Entries taken from a collection:
____________

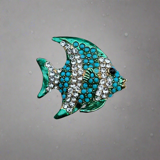 Blue Angel Fish Brooch Gold Vintage Jewellery Crystal Diamante
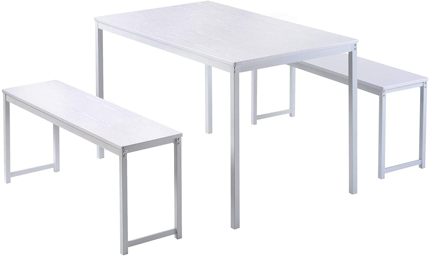 3-Piece Dining Table Set, Most Stylish Breakfast Nook Table Set W/Metal Frame+MDF Board, Kitchen Table Set with 2 Benches, Contemporary Home Furniture
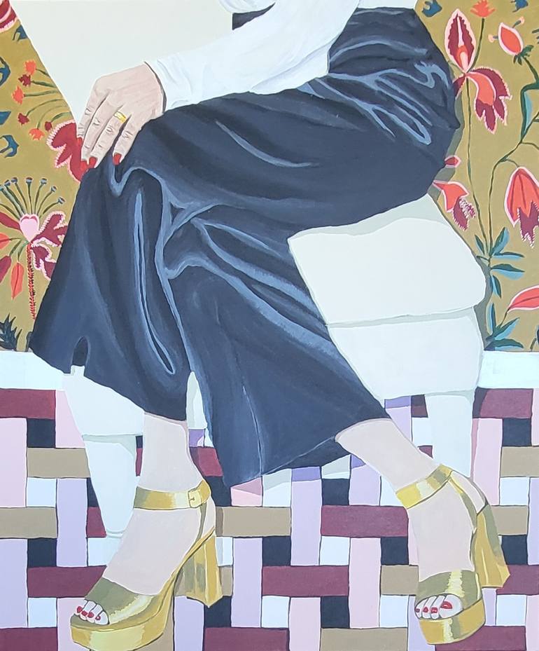 Here we have an elegant lady dressed in stylish pants and shoes. She may have just returned from a night out, or perhaps a quick grocery run for a chocolate bar and bottle of cabernet. She has a passion for the color gold, platform heels, and red nail polish.
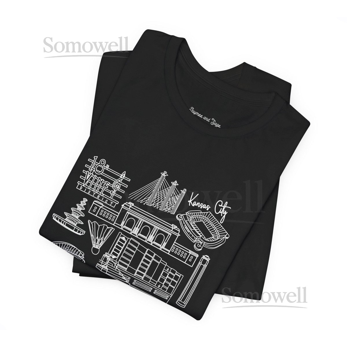 Kansas City Landmarks Unisex Tee Museum Library Stadium Heart Around Town Shirt Iconic Cityscape Tshirt KC Missouri Graphic Top Travel_390
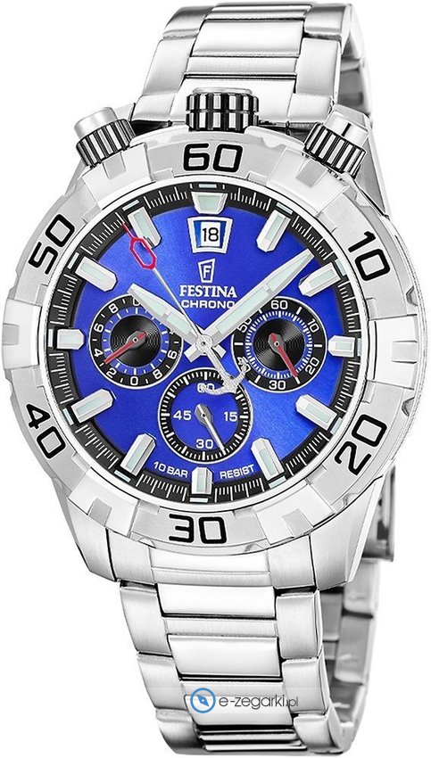 Zegarek męski F20743-3 marki Festina należy do serii Festina Chrono Sport. Niebanalną konstrukcję czasomierza uzyskano z pomocą tarczy w kolorze niebieskim. Aktualna godzina pokazywana jest w sposób analogowy co intuicyjnie pozwala ją odczytać. Koperta jest w kolorze srebrnym szeroka jest na 45 mm oraz ma grubość 13.4 mm - posiada okrągły kształt.
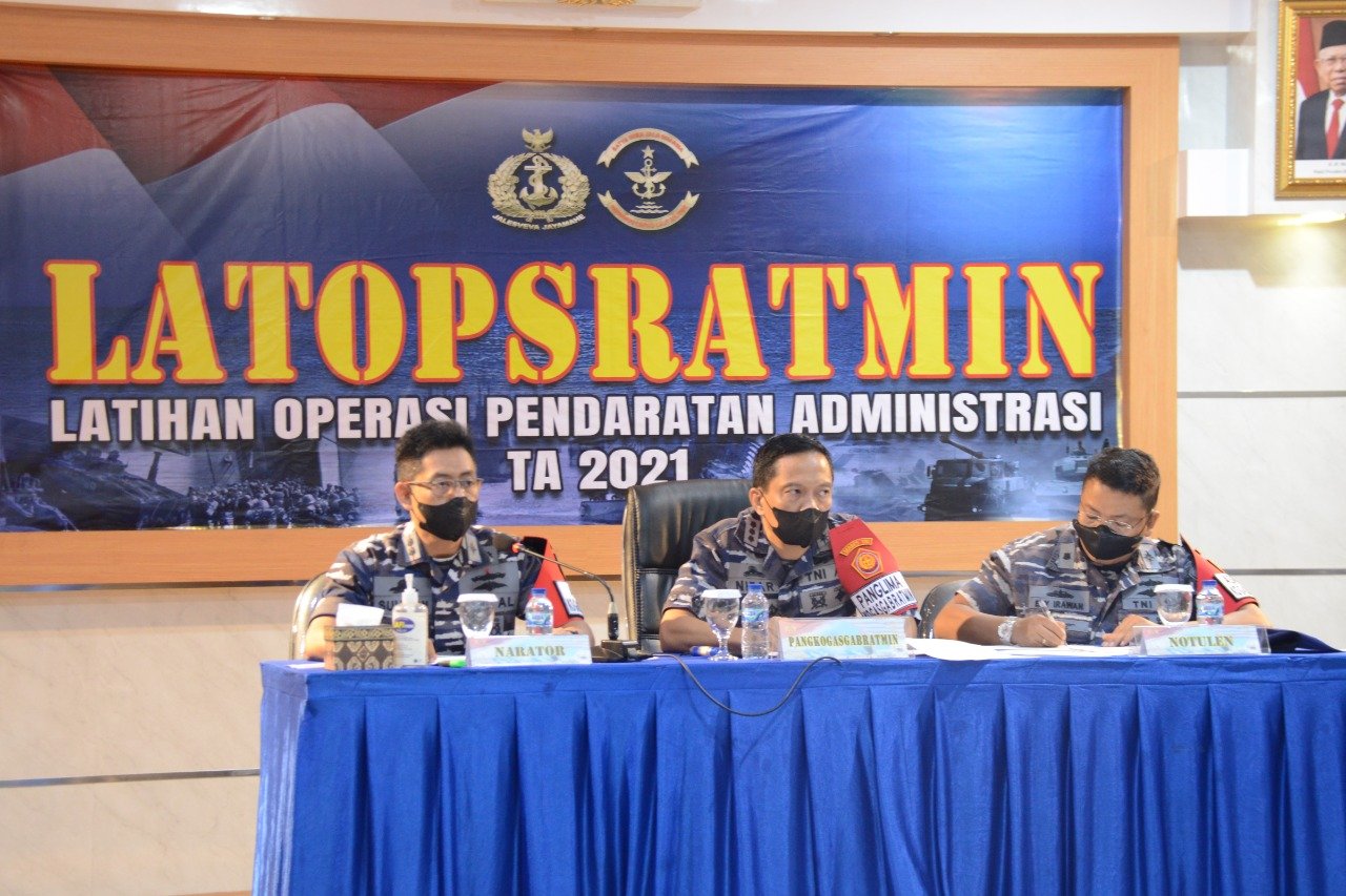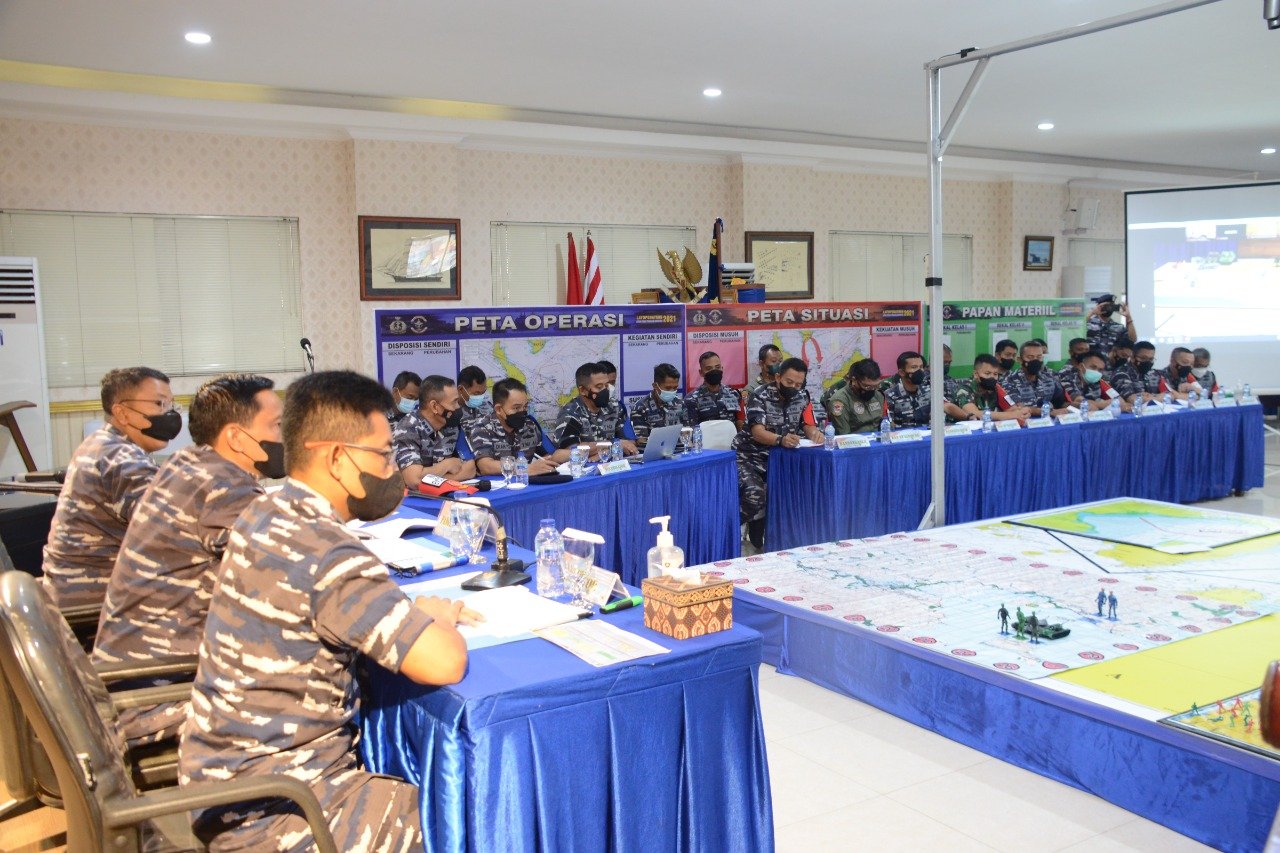 Geladi Pos Komando Latihan Operasi Pendaratan Administrasi 2021 menggelar Tactical Floor Game (TFG) di masing-masing Komando Tugas. Panglima Komando Lintas Laut Militer (Kolinlamil) Laksda TNI Erwin S Aldedharma memimpin langsung uji rencana operasi Komando Tugas Gabungan Pendaratan Administrasi (Kogasgabratmin) di Mako Kolinlamil, Tanjung Priok – Jakarta Utara, Jumat (17/12/2021).

____________

■ What to work on
Nothing but the lines from the one with "3-Piece Dining Table" up to and including the one with "Here we have" should be printed, exactly as they read above. Please keep the pictures out.

■ Solution to the exercise
 3-Piece Dining Table Set, Most Stylish Breakfast Nook Table Set W/Metal Frame+MDF Board, Kitchen Table Set with 2 Benches, Contemporary Home Furniture
 Here we have an elegant lady dressed in stylish pants and shoes. She may have just returned from a night out, or perhaps a quick grocery run for a chocolate bar and bottle of cabernet. She has a passion for the color gold, platform heels, and red nail polish.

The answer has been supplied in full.